Heh. I was kinda glad I could say things out. At least I said my piece, you know my stand and we will overcome stuff together. It's not easy, I know, but let's give our best lest we regret this life. Stuff ain't good around besties but I hope at least it will be resloved. It's kinda bad looking at people leaving and you are down here being sweet and such. But yea, there's nothing I can do either but to lend a listening ear. Take care loads people. I'm always here. =)

I know you are my Skye boy. Thanks for appreciating who I am and being my guardian angel. =) I love you. <3 Daddy~
9:56 AM
Sunday, November 16, 2008
<3

Alrights, I did proclaimed a little when I said good things aren't good to brag and blog about. But just this time, let me self-proclaim a little.
JO IS IN LOVE WITH LIANG <3

This is probably the first time I did in my blogging life but yea, that boy's a special boy in my life. Every now and then, his memories won't leave me. He made me feel protected, pampered and most importantly, loved. Thanks so much for appearing in my life. It's kinda early to say about such stuff now but I don't know when I will be sad again, so just let me show off a little. Remember to be envious. =X

Yea, I feel like a princess again. Just simply, happiness engulfed me yesterday. Nah, not only yesterday, probably every now and then. =D It's kinda scary when stuff happened one after another yesterday. I don't have the hobby of blogging every single thing that happened everyday. But right now, let me type this down, in case my memory tries to be funny with me in any point of time in my life.
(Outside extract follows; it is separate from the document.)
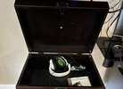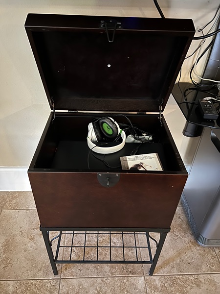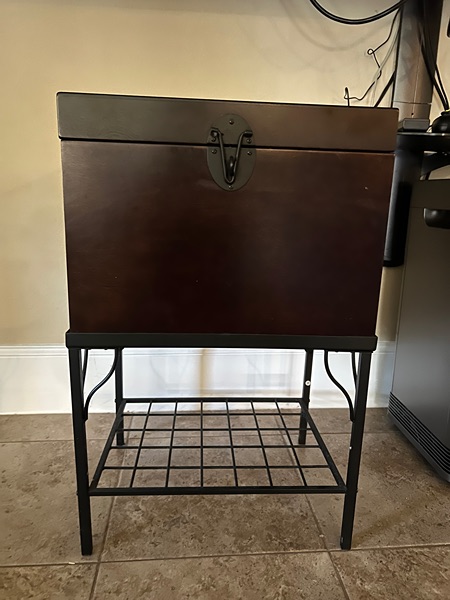Solid wood storage box on metal stand. Good for storing games and accessories. Text seller.

After we did proclaimed our status offcial, I'm kinda glad he fetched me. None did in my previous ones. Probably everything was kinda expected and cliche, but you know, when you are in that situation, who cares? It's that simple cliche thingy that makes everything so sweet, aren't it? Then we went to movies and stupid enough, I really don't get the movie. I am proud of myself okaes! Due to my creativity and courage. Hatsu koi to chuuu~ desu ne! Ureshii yo!

Then we went to celebrate Jiajie's birthdae, did told the guys and yea, envious people and such. Well, I don't really care about other stuff as long as I love my boy and he loves me.

Kinda left early due to the overnight stay and awkward chuu was kinda cute. Hey, I just realised it was his first initiative eh. But oh well, can't blame him. =D I promised to be the one ya. That cute boy piggybacked me, hahahahahahaha, but I'm so much heavier. 2 Heart attacks! Bleah.

Went home to get stuff and wanted to catch the last train but to no avail and lucky incident number 2: we met NETTE <3!I told nette the night before that I will update her the next night and true enough, it was a face-to-face confrontation.

We went to my home to get my attire and here comes lucky incident number 3: DADDY offered to fetch me and him to his house then to Lester's house? Like how the hell can this thing possibly happen? Probably because he saw those flowers and he knew someone was waiting for me. It turned out kinda amicable and yea, it was a good thing. =) I'm really glad you know, it never crossed my mind this would happen.

By the time I reached my boy's house, it was like 2 am already. His house is on the 7th floor, 077 is his unit number and here comes lucky incident number 4: how the hell can NANA be related to 7 and eventually his house and unit number? It was kinda fated and sweet when I realised it, now I know why he wanted me to visit his house. And imagine, whenever he goes home, he will see my name. xD Okays, I'm kinda sick to want him to think of me everytime but yea, think about it, isn't that what every girl wants?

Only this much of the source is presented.